Herner EV – ECC Preussen Berlin 8:3 (3:0, 2:3, 3:0)

So klar, wie es das Ergebnis aussagt, war die Partie nicht. Die Berliner überzeugten mit einer starken kämpferischen Einstellung und hätten ein knapperes Ergebnis verdient gehabt. Nach einigen kurzen Anlaufproblemen erzielten die Herner im ersten Drittel innerhalb von vier Minuten eine komfortable 3:0 Führung. Snetsinger (13., 16.) und Nieberle (15.) hießen die Torschützen. Im zweiten Drittel kamen die Gäste etwas besser ins Spiel, auch wenn McLeod (26.) erst zum 4:0 traf. Praktisch im Gegenzug, elf Sekunden später, machte Neuparth das 1:4, dem Volynec in der 30. Minute sogar das 2:4 folgen ließ. Die Herner hatten jetzt in der Defensive etwas mehr zu tun und erst in der 39. Minute konnte Albrecht mit dem 5:2 die 862 Anhänger wieder beruhigen. Das war auch notwendig, denn Braun erzielte wenige Sekunden vor der zweiten Drittelpause gar noch das 3:5. Danach waren die Kräfte der Preußen aufgebraucht und die Herner erhöhten in regelmäßigen Abständen durch Ackers (46.), Kuhnekath (50.) und Albrecht (55.) auf 8:3.

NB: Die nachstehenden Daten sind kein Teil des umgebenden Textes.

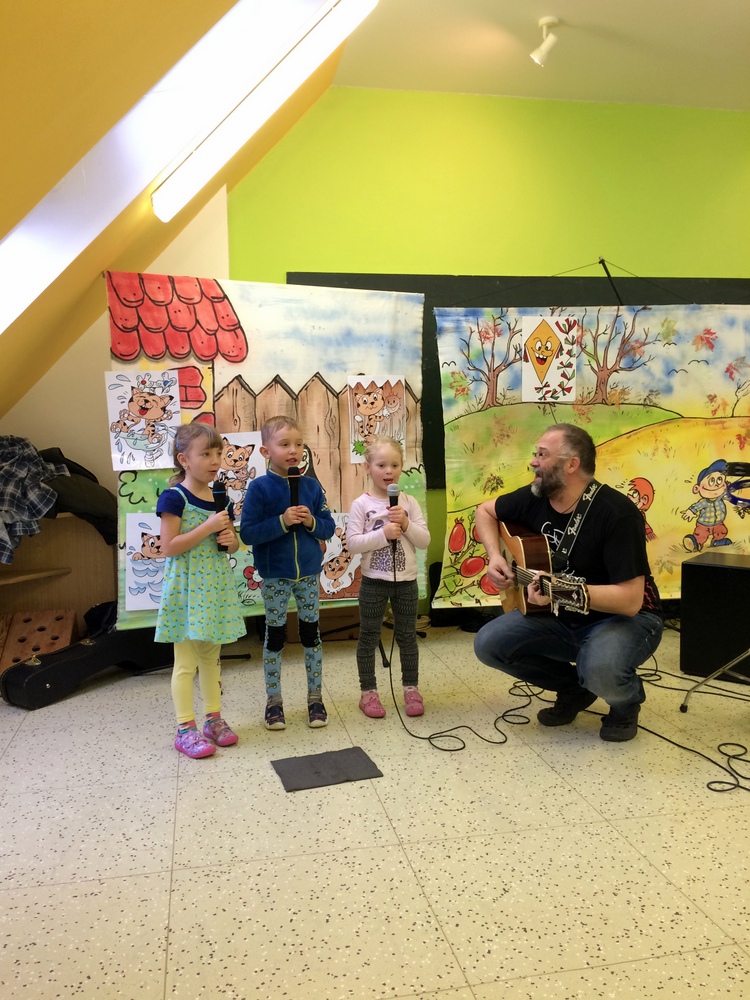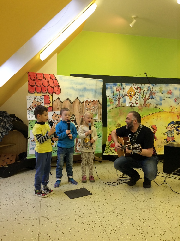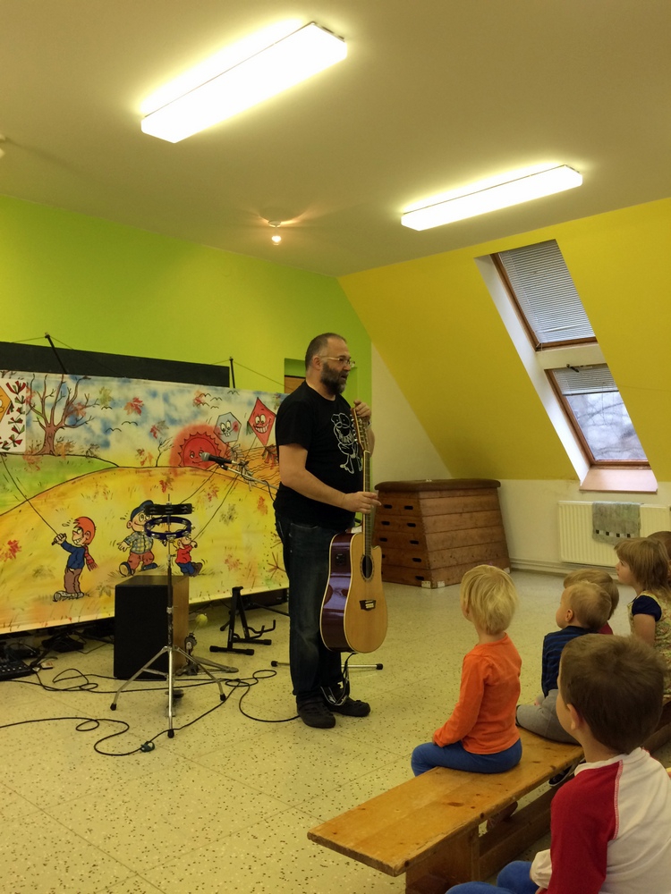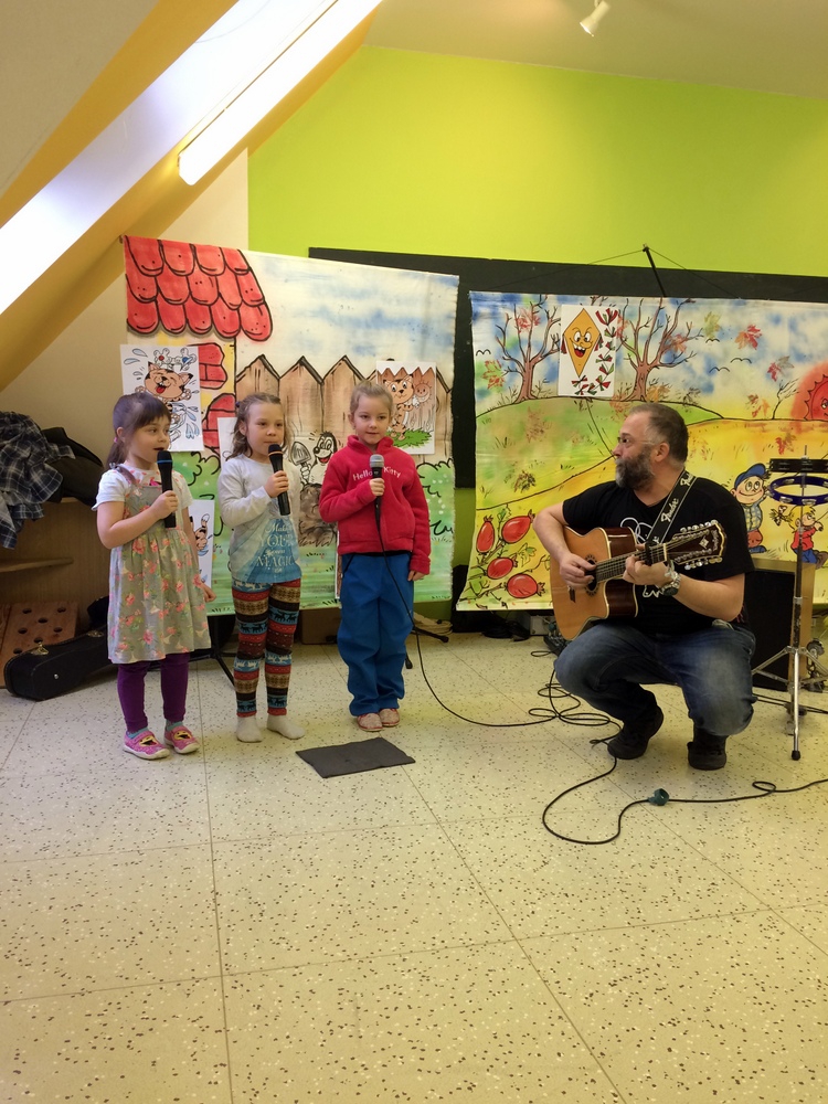 V úterý 28.11.2017 jsme se vydali na Bezděkov na hudební vystoupení. Děti se seznámily s hrou na kytaru. Některé děti si vyzkoušely zpívat do mikrofonu. Společně jsme si zazpívali známé české písničky.

Black Dragons Erfurt – Rostock Piranhas 7:3 (4:1, 2:1, 1:1)

Die nur 316 Zuschauer waren am Ende froh über den relative hohen Sieg ihrer Black Dragons, den die Rostocker zeigten ein mutiges, offensives Spiel, nur leider, im Gegensatz und Erfurtern, ineffizientes Spiel. Gosdeck (5.), Vazan (10.), Creutzburg (17.) und Maaßen (19.) trafen für die schwarzen Drachen im ersten Drittel, für die Piranhas dagegen nur Ratajcyk (11.) zum zwischenzeitlichen 1:2. Das zweite Drittel begann mit dem schnellen 5:1 durch Vazan (22.). Koopman (30.) konnte zwar die Gäste um ein Tor zum 2:5 heranbringen aber bereits zwei Minuten später erhöhte Gosdeck (33.) auf 6:2. Im letzten Drittel verwalteten dann die Erfurter das Spiel und da die Rostocker sich auch nicht besonders geschickt anstellten, fielen nur noch zwei Tore, auf jeder Seite eines. Einmal traf für die Thüringer Kämmerer (44.) zum 7:2 und Bezouska für die Ostseestädter in der 52. Minute zum 3:7.

Crocodiles Hamburg – Harzer Falken 7:4 (1:2, 4:1, 2:1)

1353 Zuschauer wollten das Spiel sehen und sie sahen eine engagierte Leistung ihrer Crocodiles, die auch ein 1:2 nach 13 Spielminuten  (Tore Crocodiles: Calovi 7.; Falken: Krüger 8., Schmid 13.) nicht aus der Spur warf. Das zweite Drittel begann mit einer Offensive der Hamburger, dem die Harzer ncihts entgegen setzen konnten. Zimmer (22.), Gerartz (25.) und Zuralev (26.) drehten das Ergebnis auf ein 4:2, aber noch hatten sich die Gäste nicht aufgegeben. Krüger verkürzte in der 30. Minute auf 3:4 und die Zuschauer mussten fünf bange Minuten überstehen, bis Martens (36.) die Vorentscheidung zum 5:3 erzielte. Stambolidis (42.) startete die letzten zwanzig Minuten mit seinem 6:3, dem Prüßner in der 53. Minute sogar noch das 7:3 folgen ließ. Lediglich noch interessant für die Statistiker war das Tor zum Endstand 4:7 von Herklotz.